Methods: Participants included three mother-sons dyads. The children ranged in age from 45 to 56 months; all had a confirmed diagnosis of ASD. Prior to the study, the researcher obtained full certification as a trainer in PRT from the Koegel Autism Center. A single-subject multiple baseline design was used. After a stable baseline was obtained, training was introduced to each mother in a one-week staggered manner. Each mother completed 12 hours of training in PRT across three weeks (i.e., two hours twice a week) after which intervention was initiated. Each mother implemented the intervention with their child three times a day in 10-minute sessions with one session video-recorded daily by the researcher. Immediately succeeding intervention, the mother conducted generalization probes every day for one week. Follow-up occurred after one month.

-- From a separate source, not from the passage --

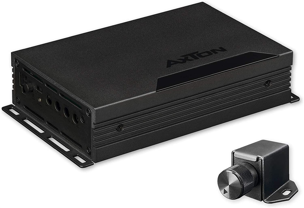 For those who want to upgrade their music system with a compact but powerful quality amplifier, car audio specialist AXTON has the 1-channel power amplifier A101 in the program: Minimal 10.5 cm wide and 4 cm high, this amplifier offers a lot of power in the smallest space. Thanks to the compact dimensions, the Class D amp can be flexibly installed in the car, motor home or caravan. The black aluminum housing is first-class processed and thoughtfully designed: Despite the compact dimensions, the massive heat sink conducts the heat specifically to the outside and thus ensures an optimal operating temperature throughout. The amplifier circuitry and the PCB layout are optimized for lowest distortion and exclusively equipped with selected components. The A101 is 1 ohm stable, extending the range of applications. With 600 W RMS @ 1 Ohm, the bass amplifier not only makes subwoofers sweat. The mono amplifier has an integrated 12 dB/oct. low-pass filter (continuously adjustable from 50 - 250 Hz), a 12 dB/oct. subsonic filter (continuously adjustable from 10 - 55 Hz) and a bass boost control @ 45 Hz (0 - 18 dB). In addition, there are high-level inputs with auto-turn-on function for connection to original radios without RCA output - so the amplifier can be easily combined with factory-installed radios. A bass level remote control is included.

Results: Results of visual analysis showed that all three mothers were able to successfully implement PRT procedures for question asking and achieved fidelity during intervention, with one mother attaining fidelity at follow-up. All three children showed an increase in their frequency of asking, “What’s that?” These results generalized to various novel items, family members, and environments. Follow-up data showed that all three children continued asking, “What’s that?” but at a lower rate than during the intervention.

Conclusions: Results of the study demonstrate that parents are able to learn, and effectively implement PRT procedures for question asking after completing a short training. Furthermore, all three children increased their frequency of asking “What’s that?” Short-term parental training thus offers a viable option to reduce both wait-times and costs of early intervention experienced by parents of children with ASD.